Za wakacje w biurze podróży zawsze warto zapłacić kartą kredytową. Dzięki temu będzie można skorzystać z procedury chargeback. Wystarczy zgłosić reklamację do banku i poinformować o niezrealizowaniu usługi. Bank zwróci środki klientowi, jednocześnie we własnym zakresie dochodząc ich od upadłego biura. Najmniej bezpieczne są płatności gotówkowe, dlatego radzimy ich unikać.
Rada
Jeśli kupiłeś wycieczkę u agenta, to jak najszybciej skontaktuj się z nim i zapytaj, czy przelał już pieniądze na konto upadłego biura. Jeśli nie, wystąp o zwrot wpłaconej zaliczki.
To marszałkowie pełnią nadzór nad biurami podróży, które mają obowiązek zarejestrować się w urzędzie właściwym ze względu na prowadzenie działalności turystycznej. Marszałek ma dostęp do gwarancji ubezpieczeniowej touroperatora i wykorzysta ją m.in. do sprowadzenia pechowych turystów do kraju. Jeśli środków będzie wystarczająco dużo, pokryją one roszczenia klientów biura. Niestety, taki scenariusz jest mało prawdopodobny i wówczas w grę będzie wchodzić postępowanie komornicze.

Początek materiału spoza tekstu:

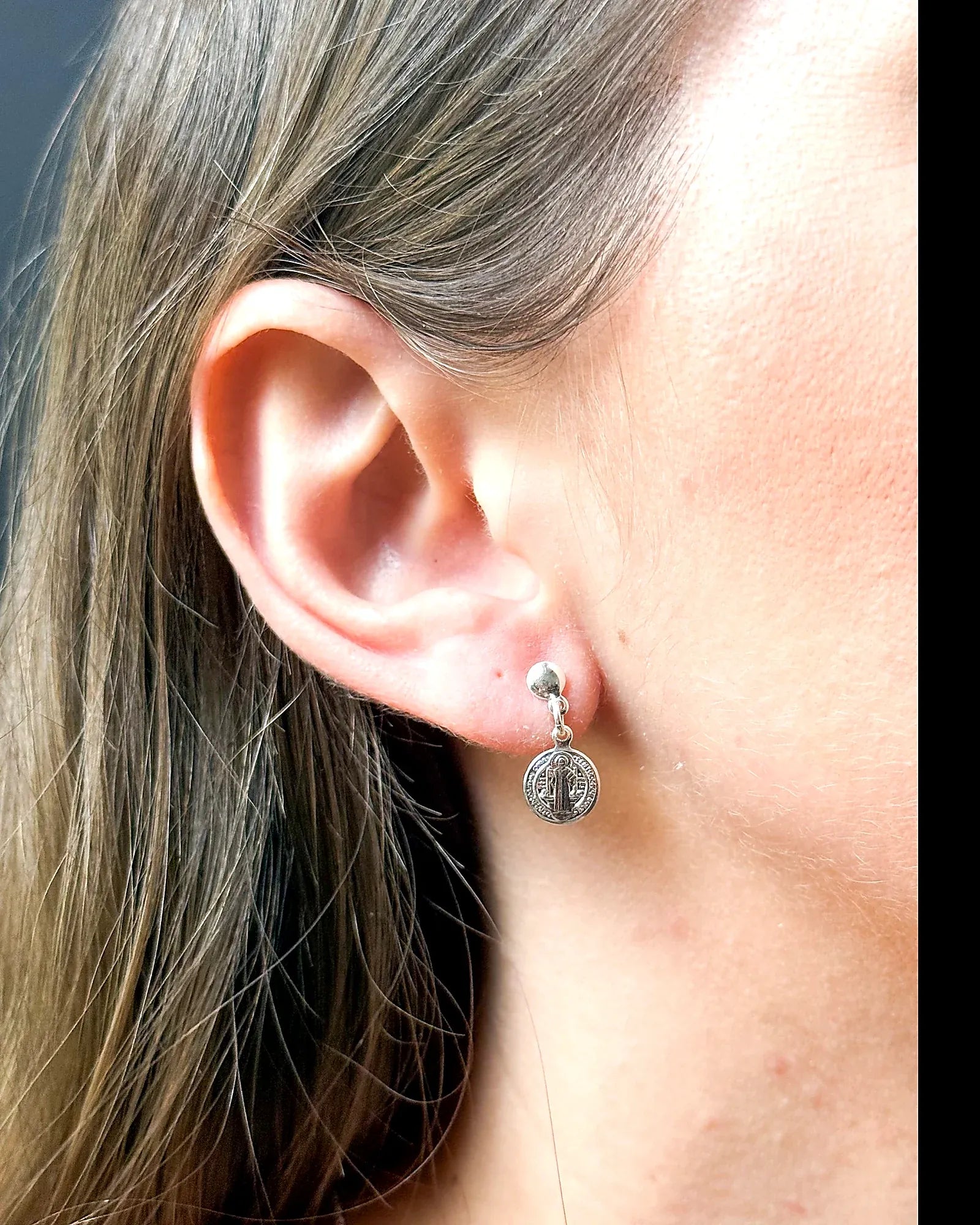 Há quem goste de demonstrar a fé em detalhes discretos, e esse brinco São Bento banhado a prata 925 da UNA Semijoias e Aço foi feito exatamente para isso. A medalha pequena e delicada traz o símbolo de São Bento em destaque, pendurada em uma base lisa e minimalista, criando um brilho prateado elegante próximo ao rosto.

Jak długo czeka się na pieniądze z gwarancji ubezpieczeniowej? To zależy od tego, jak dużo osób jest poszkodowanych. W skrajnym przypadku całe postępowanie może zająć nawet grubo ponad dwa lata. Wszystko przez to, że zgodnie z prawem pechowi turyści mają aż rok na to, by zgłosić się z roszczeniem do marszałka.
Każdy turysta może wystąpić z postępowaniem cywilnym przeciwko upadłemu biuru podróży. W ramach postępowania można się domagać nie tylko zwrotu wpłaconych pieniędzy, ale też zadośćuczynienia za straty moralne czy inne poniesione koszty (np. dojazdy do Urzędu Marszałkowskiego w innej miejscowości). Takie sprawy są jednak bardzo trudne i potrafią ciągnąć się latami. Przed podjęciem decyzji warto się skonsultować z dobrym prawnikiem, który oceni szanse na wywalczenie odpowiednio wysokiej sumy.
Na przyszłość warto zminimalizować ryzyko (całkowicie nie da się go wyeliminować) i wybierać tylko takie biura podróży, która mają bardzo wysokie gwarancje ubezpieczeniowe – można to sprawdzić telefonując do Urzędu Marszałkowskiego.